### [What this task involves]
Retype each record exactly; no pictures.

### [Records from a data source]
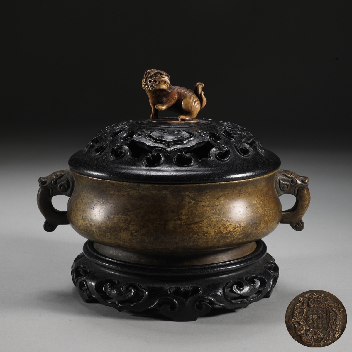 - 「双龍抱 大明宣徳五年監督工部呉邦佐造 古銅彫 龍首耳老銅香薰炉」旧銅器 置物擺件 賞物 中国古美術 旧蔵出
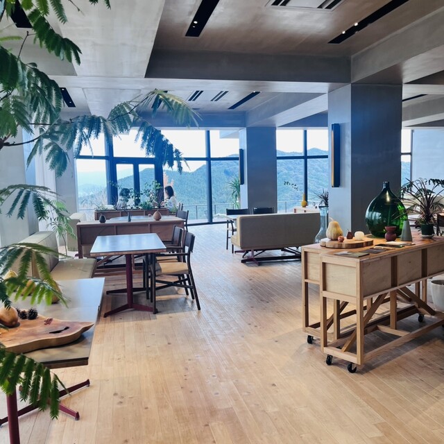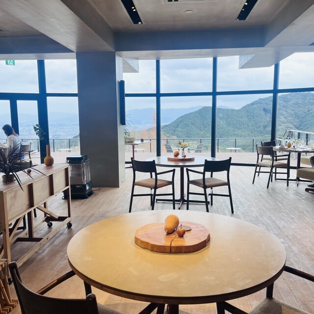 店内は、大きなガラス張りの窓から差し込む太陽の日差し、緑あふれる山、下に広がる福岡の街が一望できる開放感溢れる雰囲気でした。油山という特別なロケーションでしか味わえない食体験を体験してみてください!
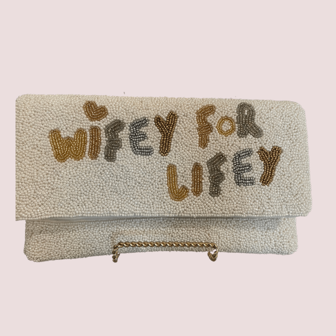 This gorgeous beaded WIFEY FOR LIFEY handbag perfect for all the bride to be events as well as the honeymoon! This versatile clutch doubles as a crossbody with a delicate gold chain.
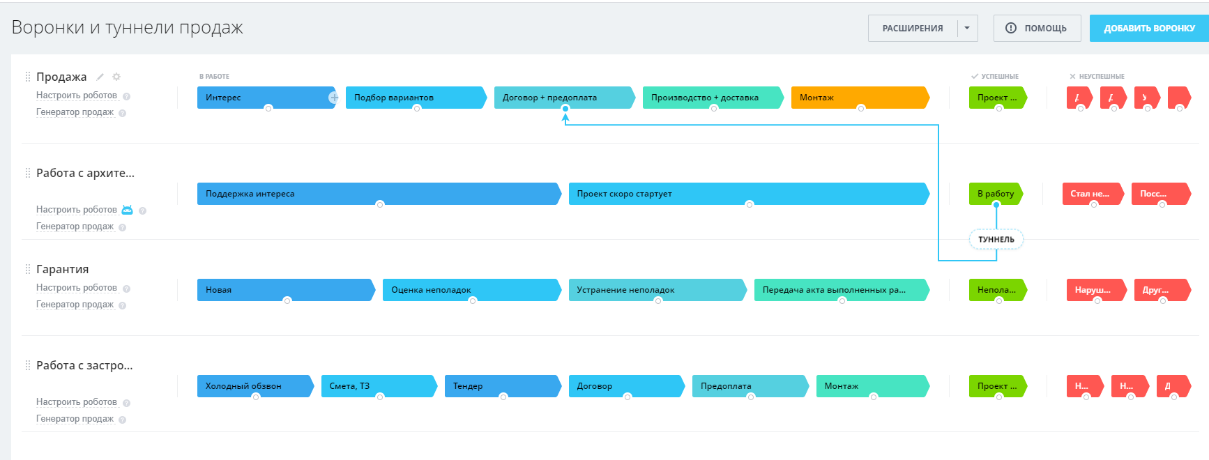 - Туннель продаж предназначен для автоматической связи двух направлений: «Работа с архитектором» и Продажа». Успешная сделка с архитектором автоматически формирует сделку в основной воронке.
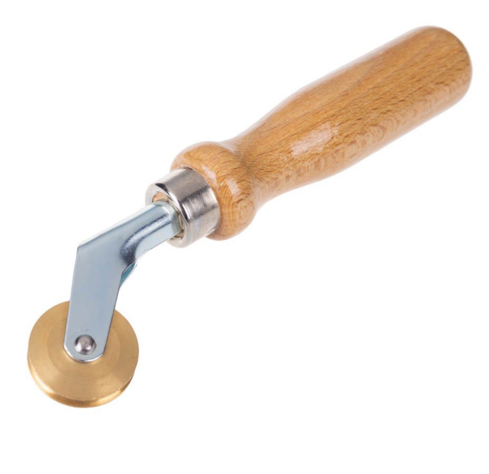 Pressure roller in brass with a shape of Ø 5 mm. soft welding wire. - Ball bearing - 118 mm wooden handle - Pressure roller for linoleum and pvc welding wire
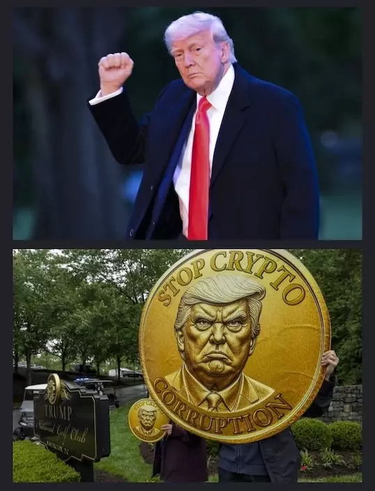 特朗普發行自己的加密幣「特朗普幣」,近日邀請220名「玩家」出席豪門夜宴,一晚吸金1.5億美元,被指是「貪腐盛會」(上圖),而他上台後即頻頻發功,為家族開路在加密幣市場謀暴利。大批群衆在場外高舉「停止加密幣貪汚」的標語(下圖)。
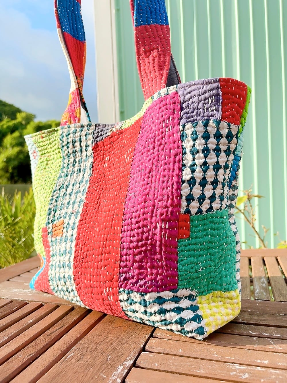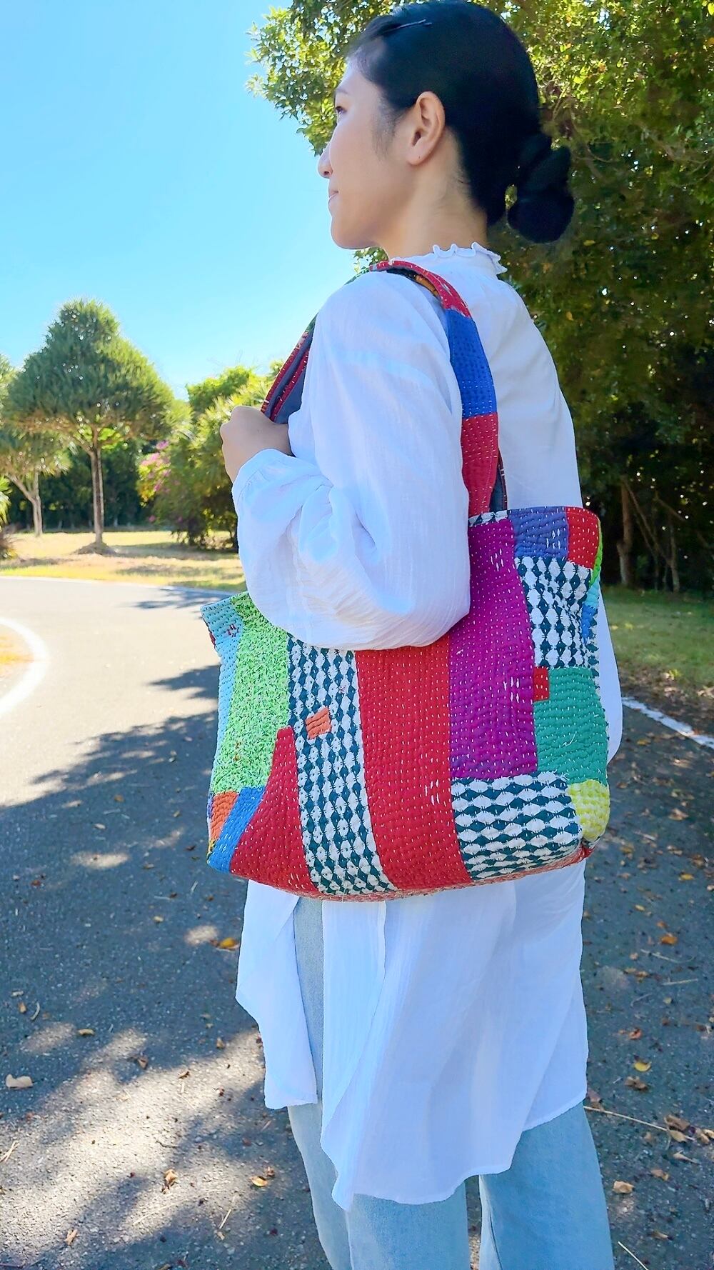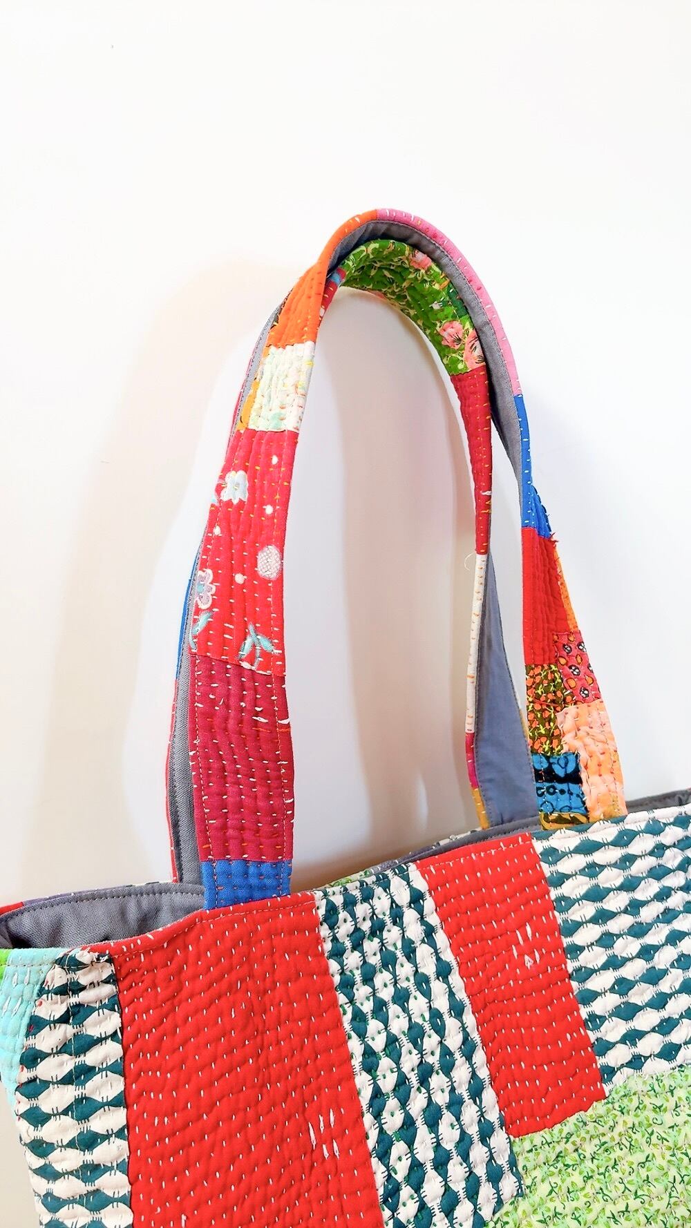 ポケットいっぱいトートバッグは、ヴィンテージラリーキルトを使用した魅力的なアイテムです。パッチワーク柄が施され、どこか懐かしさを感じさせながらも個性的なデザインが特徴です。

### [Solution]
 - 「双龍抱 大明宣徳五年監督工部呉邦佐造 古銅彫 龍首耳老銅香薰炉」旧銅器 置物擺件 賞物 中国古美術 旧蔵出
 店内は、大きなガラス張りの窓から差し込む太陽の日差し、緑あふれる山、下に広がる福岡の街が一望できる開放感溢れる雰囲気でした。油山という特別なロケーションでしか味わえない食体験を体験してみてください!
 This gorgeous beaded WIFEY FOR LIFEY handbag perfect for all the bride to be events as well as the honeymoon! This versatile clutch doubles as a crossbody with a delicate gold chain.
 - Туннель продаж предназначен для автоматической связи двух направлений: «Работа с архитектором» и Продажа». Успешная сделка с архитектором автоматически формирует сделку в основной воронке.
 Pressure roller in brass with a shape of Ø 5 mm. soft welding wire. - Ball bearing - 118 mm wooden handle - Pressure roller for linoleum and pvc welding wire
 特朗普發行自己的加密幣「特朗普幣」,近日邀請220名「玩家」出席豪門夜宴,一晚吸金1.5億美元,被指是「貪腐盛會」(上圖),而他上台後即頻頻發功,為家族開路在加密幣市場謀暴利。大批群衆在場外高舉「停止加密幣貪汚」的標語(下圖)。
 ポケットいっぱいトートバッグは、ヴィンテージラリーキルトを使用した魅力的なアイテムです。パッチワーク柄が施され、どこか懐かしさを感じさせながらも個性的なデザインが特徴です。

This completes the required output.